Replaces all occurrences of a substring with a replacement string.
let i = "hello".index_of("ll") // 2
let i = "hello".index_of("xyz") // -1
Returns the byte index of the first occurrence of a substring, or -1 if not found.
let ch = "hello".char_at(0) // "h"
let ch = "hello".char_at(4) // "o"
Returns the character at the given byte index as a single-character string.
let stars = "*".repeat(5) // "*****"
let wall = "ab".repeat(3) // "ababab"
Repeats a string n times and returns the result.
let csv = join(["a", "b", "c"], ",") // "a,b,c"
let path = join(["usr", "local", "bin"], "/")
Joins an array of strings with a separator between each element.
let s = to_str(42) // "42"
let s = to_str(true) // "true"
let s = to_str(3.14) // "3.14"
Converts any value to its string representation.

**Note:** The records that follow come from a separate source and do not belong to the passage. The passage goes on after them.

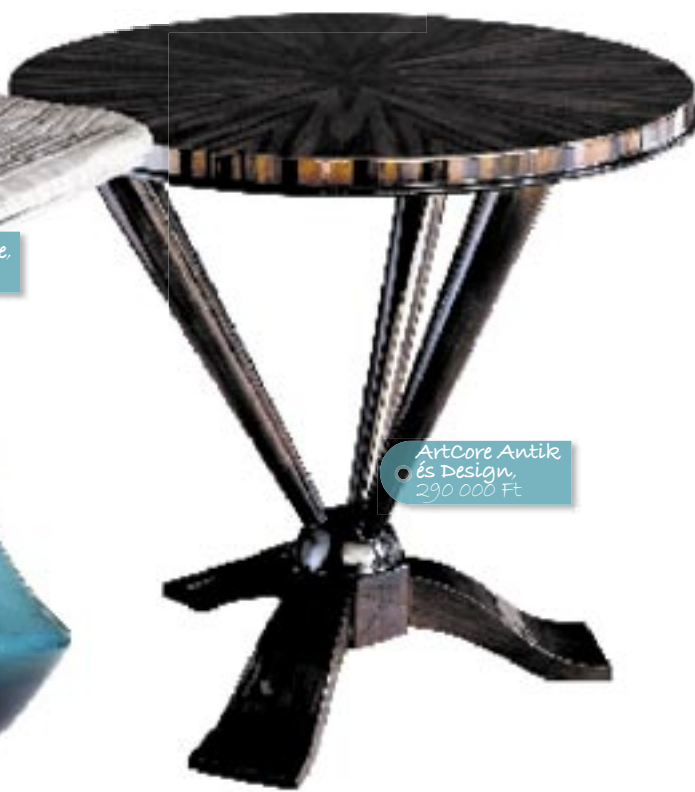
ArtCore Antik és Design, 290 000 Ft

Styling: Torma Beatrix Részletes üzletlista a 97. oldalon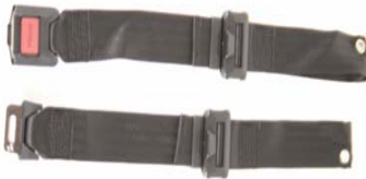
XFF 090018 Cinto de posicionamento com fecho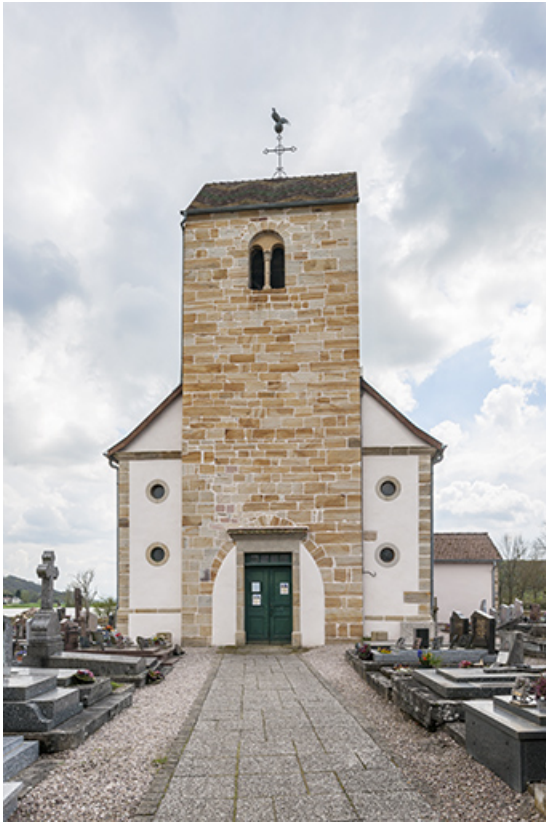
Vue de la façade principale.

70, Montureux-lès-Baulay rue de l' Église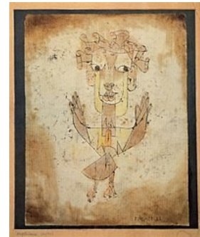
Paul Klee: Angelus Novus (1920)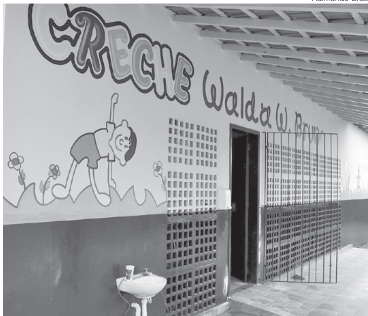
Obras trouxeram reforma de pisos, cobertura, revisão elétrica e hidráulica, além da substituição de grades e revitalização da fachada

mero de novas vagas em creches geradas durante a atual gestão. Isso é motivo de muita alegria e o município não está medindo esforços para melhorar e expandir cada vez mais os números. A Creche Municipal Professora Walda Walkyria Bruno é mais um fruto de todo esforço e uma conquista importante. Mostra como é possível fazer muito com pouco,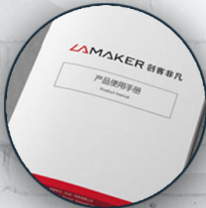
Binding and Folding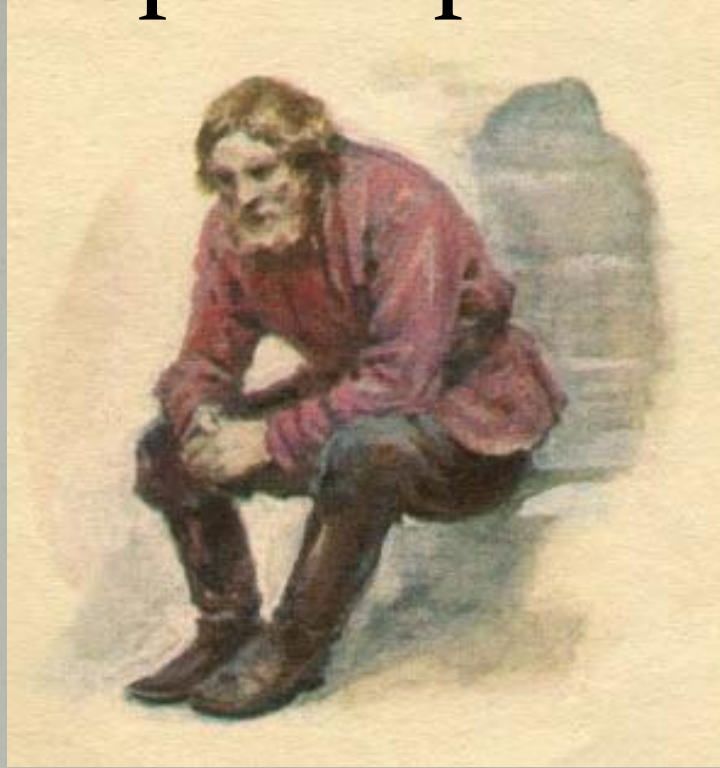
Художник Н. Ращектаев

«<...>Призванный сычевский староста объявил, что немой Андрей трезвый, работающий и необыкновенно во всем исправный мужик, несмотря на свой природный недостаток. <...> Она тут же решила взять немого во двор, в число своей личной прислуги и в звании дворника. И с этого дня он получил имя Немой»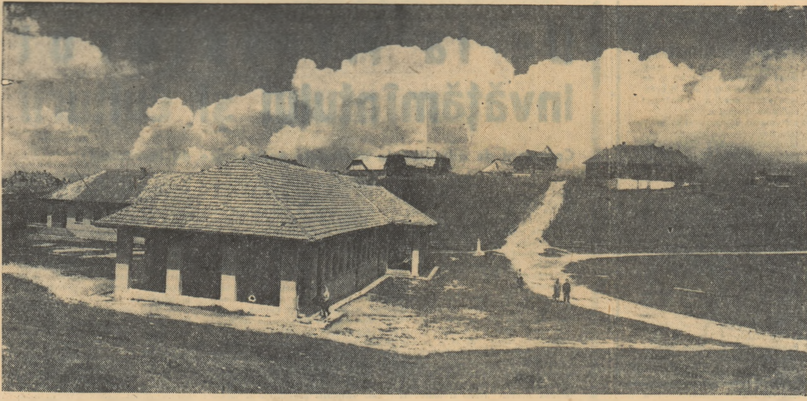
● Invățământul de 7 ani creat prin reforma învățământului din 1948 a devenit general și obligatoriu în orașe, centre muncitorești și centre raionale. În anul care urmează va fi generalizat în toate comunitățile și satele care au școli de 7 ani în 1948-1949, primul an de pregătire reformei învățământului, au funcționat 3549 unități școlare cu clasele V-VII în care au fost cuprinși 284.450 elevi. Până în anul școlar 1957/58 numărul acestor unități a ajuns la 4633 în care au fost cuprinși 438.039 elevi, față de 770 gimnazii și cursuri inferioare de liceu care au fost în 1938/39, cărora le corespund clasele V-VII de astăzi și care cuprindeau de patru ori mai puțini elevi. IN FOTOGRAFIE: O școală construită de curând la 1360 metri altitudine, în comuna Fundata, regiunea Stalin.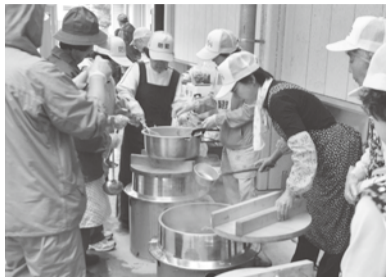
市境を越えた9自治会が連携した美田自治会の防災訓練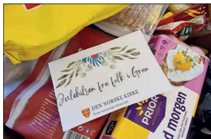
Fra matutleveringen før jul i 2023.

Pengene du gir går til innkjøp av mat og julegodt til noen som trenger det. Alle bidrag, små eller store, hjelper!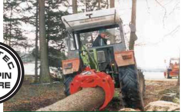
RG en forêt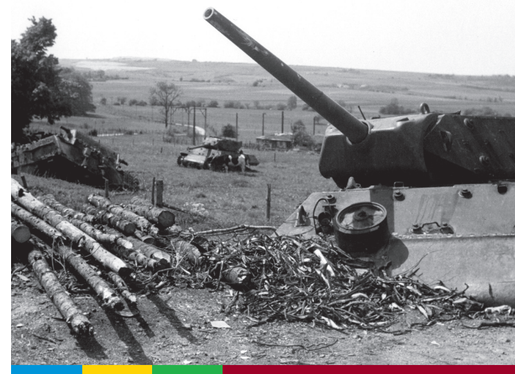
Panzerwracks in der Nähe von Hürtgen 1947

Ebenso verwunderlich ist, dass dieser Vorfall, der alle Insignien einer Hemingway-Story trägt – ein böser deutscher Hinterhalt im finsternen deutschen Märchenwald und die heldenhafte Verteidigung des Regimentsge-

let n = [1, 2, 3].len() // 3
let n = len([10, 20]) // 2
Returns the number of elements in an array.
let mut arr = [1, 2, 3]
arr = arr.push(4) // [1, 2, 3, 4]
arr = push(arr, 5) // [1, 2, 3, 4, 5]
Appends an element to the end of an array. Returns a new array (copy-on-write semantics). Reassign the result to the original variable.

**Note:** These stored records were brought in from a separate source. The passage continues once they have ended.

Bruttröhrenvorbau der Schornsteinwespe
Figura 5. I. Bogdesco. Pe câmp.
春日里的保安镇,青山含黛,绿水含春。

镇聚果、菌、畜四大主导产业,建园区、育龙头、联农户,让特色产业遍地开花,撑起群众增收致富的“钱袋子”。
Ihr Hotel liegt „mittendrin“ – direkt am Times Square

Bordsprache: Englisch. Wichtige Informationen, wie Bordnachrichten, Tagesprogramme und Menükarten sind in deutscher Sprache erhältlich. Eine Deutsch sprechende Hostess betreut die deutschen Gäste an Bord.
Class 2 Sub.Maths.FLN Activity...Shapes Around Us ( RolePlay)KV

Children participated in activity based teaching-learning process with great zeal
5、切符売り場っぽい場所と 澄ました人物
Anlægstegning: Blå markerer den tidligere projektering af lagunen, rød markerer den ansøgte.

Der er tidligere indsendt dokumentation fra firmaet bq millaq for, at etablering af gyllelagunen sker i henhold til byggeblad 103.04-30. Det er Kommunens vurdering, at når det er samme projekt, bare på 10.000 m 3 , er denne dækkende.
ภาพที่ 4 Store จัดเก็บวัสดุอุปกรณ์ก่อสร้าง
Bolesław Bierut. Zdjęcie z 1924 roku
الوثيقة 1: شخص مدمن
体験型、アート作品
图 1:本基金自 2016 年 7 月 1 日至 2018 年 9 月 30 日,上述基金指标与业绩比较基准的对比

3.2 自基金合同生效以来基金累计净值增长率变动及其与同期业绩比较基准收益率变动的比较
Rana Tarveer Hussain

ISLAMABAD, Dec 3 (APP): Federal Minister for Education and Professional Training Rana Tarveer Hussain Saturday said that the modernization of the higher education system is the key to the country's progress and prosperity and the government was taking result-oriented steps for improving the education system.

let doubled = [1, 2, 3].map(|x: i64| -> i64 { x * 2 }) // [2, 4, 6]
let names = ["a", "b"].map(|s: str| -> str { s.upper() })
Transforms each element of an array by applying a function, returning a new array of the results.
let big = [1, 2, 3, 4, 5].filter(|x: i64| -> bool { x > 3 }) // [4, 5]
let long = words.filter(|w: str| -> bool { w.len() > 3 })
Returns a new array containing only the elements for which the predicate returns true.
let sum = reduce([1, 2, 3, 4], 0, |acc: i64, x: i64| -> i64 { acc + x }) // 10
let product = reduce([2, 3, 4], 1, |acc: i64, x: i64| -> i64 { acc * x })
Folds an array into a single value by applying a function to an accumulator and each element from left to right.
let a = abs(-42) // 42
let b = abs(10) // 10
Returns the absolute value of an integer.
let smallest = min(3, 7) // 3
let smallest = min(-1, 0) // -1
Returns the smaller of two integer values.
let largest = max(3, 7) // 7
let largest = max(-1, 0) // 0
Returns the larger of two integer values.
let result = pow(2, 10) // 1024
let cubed = pow(3, 3) // 27
Raises a base to an integer exponent and returns the result.
let s = sqrt(144.0) // 12.0
let s = sqrt(2.0) // 1.4142135623730951
Returns the square root of a floating-point number.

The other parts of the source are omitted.